Me auto invito a entrar, esquivando inútilmente el enorme charco que baja de las escaleras
mojando parte del recibidor y la sala. Sala donde ella está.
Encorvada…
Haciendo que aquella minúscula toalla deje al descubierto, sus ya de por sí, desnudas piernas…
Haciéndome inclinar la cabeza inconscientemente para ver un poco más bajo aquella tela
amarilla.
Sí… todo un espectáculo.
Ella se da la vuelta al notar mi presencia y tiene la decencia de apretarse la toalla por si ésta se
atrevía a deshacerse. Mi ceja se alza y la risa burbujeaba por salir de mi garganta. La cosa pegajosa ya
no está por toda su cara, cara que denota claros signos de cabreo. Cosa que malditamente me hace
demasiada gracia.
—¡Lárgate ahora mismo de mi casa!
—Solo vine a decirte que no me dejabas dormir con la maldita música —expongo haciéndome el
exasperado—. Luego te escucho gritar seguido de un fuerte estruendo, intento tirar la puerta para ver si
estabas bien… ¿Y ahora me echas sin agradecerme si quiera el haberme preocupado por ti?
—Tranquilo, si estoy en peligro, serías a la última persona que llamaría.
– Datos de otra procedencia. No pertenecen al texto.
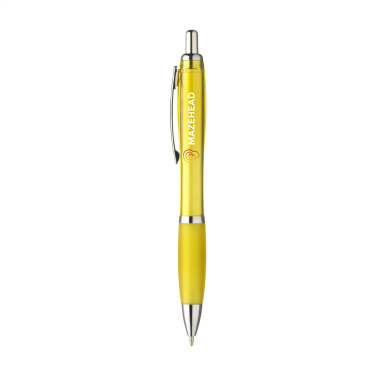 Blau- oder schwarzschreibender Kugelschreiber mit transparentem Schaft, rutschfestem Griff und Metallclip.

Y segundo, bajaré la
maldita música o incluso la apagaré, pero vete de mi casa si no quieres que llame a la policía.
—¿Es que no vas a agradecérmelo?
—¡¿Qué demonios te voy a agradecer?! ¿Que vengas a irrumpir mi descanso aporreando la
maldita puerta como si quisieras tirarla abajo? ¿Que te me tires encima como un maldito jugador de
futbol americano? —su respiración se acelera al mismo tiempo que da pasos hacia mí.
—Me sacas de quicio, mujer… —rujo dando un paso más, golpeando un cubo que no sé qué
demonios hace allí tirado en primer lugar.
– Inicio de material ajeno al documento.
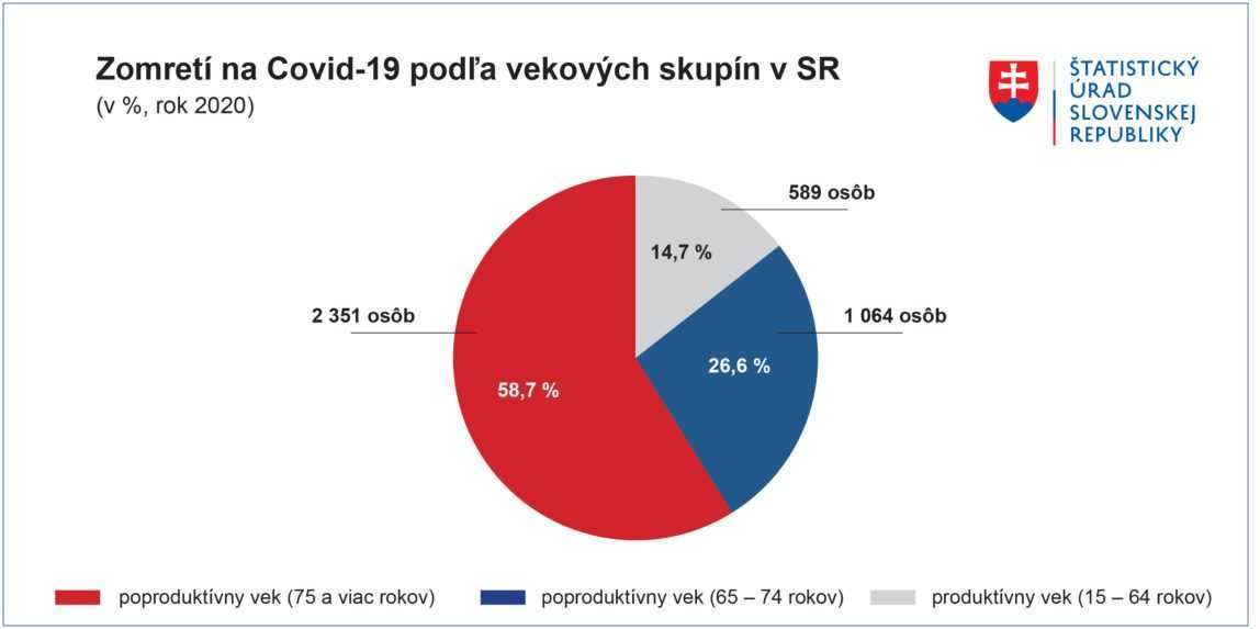 „Koronavírus sa stal masívnou príčinou úmrtí až v rámci druhej vlny pandémie. Viac ako 97 % úmrtí, ktoré sa pripisujú ochoreniu COVID-19 ako hlavnej príčine, sa udialo v poslednom štvrťroku 2020,“ povedala riaditeľka odboru štatistiky obyvateľstva štatistického úradu Zuzana Podmanická. Z hľadiska vekovej štruktúry väčšina obetí ochorenia COVID-19 patrila do seniorskej vekovej kategórie nad 65 rokov. Tvorili 85 % z počtu zomretých.

—Pues, ¡sorpresa! Es un arte que tengo.
Da un paso más, enfurruñada y roja de la ira. Mis manos cosquillean.
—¿Y solo tienes el arte de sacarme de quicio a mí?
—Pues mira tú por dónde, sí. —posiciona ambas manos en sus caderas, haciéndome desviar la
mirada al débil nudo que sujeta aquella toalla en su lugar. Su mano vuela a su pecho, interponiéndose en
mi visión, y miro su cara esperando su reacción molesta. Algo que nunca llega, ya que ni siquiera se ha
dado cuenta de que la estaba mirando tan descaradamente—. Eres algo así como mi pelota anti estrés…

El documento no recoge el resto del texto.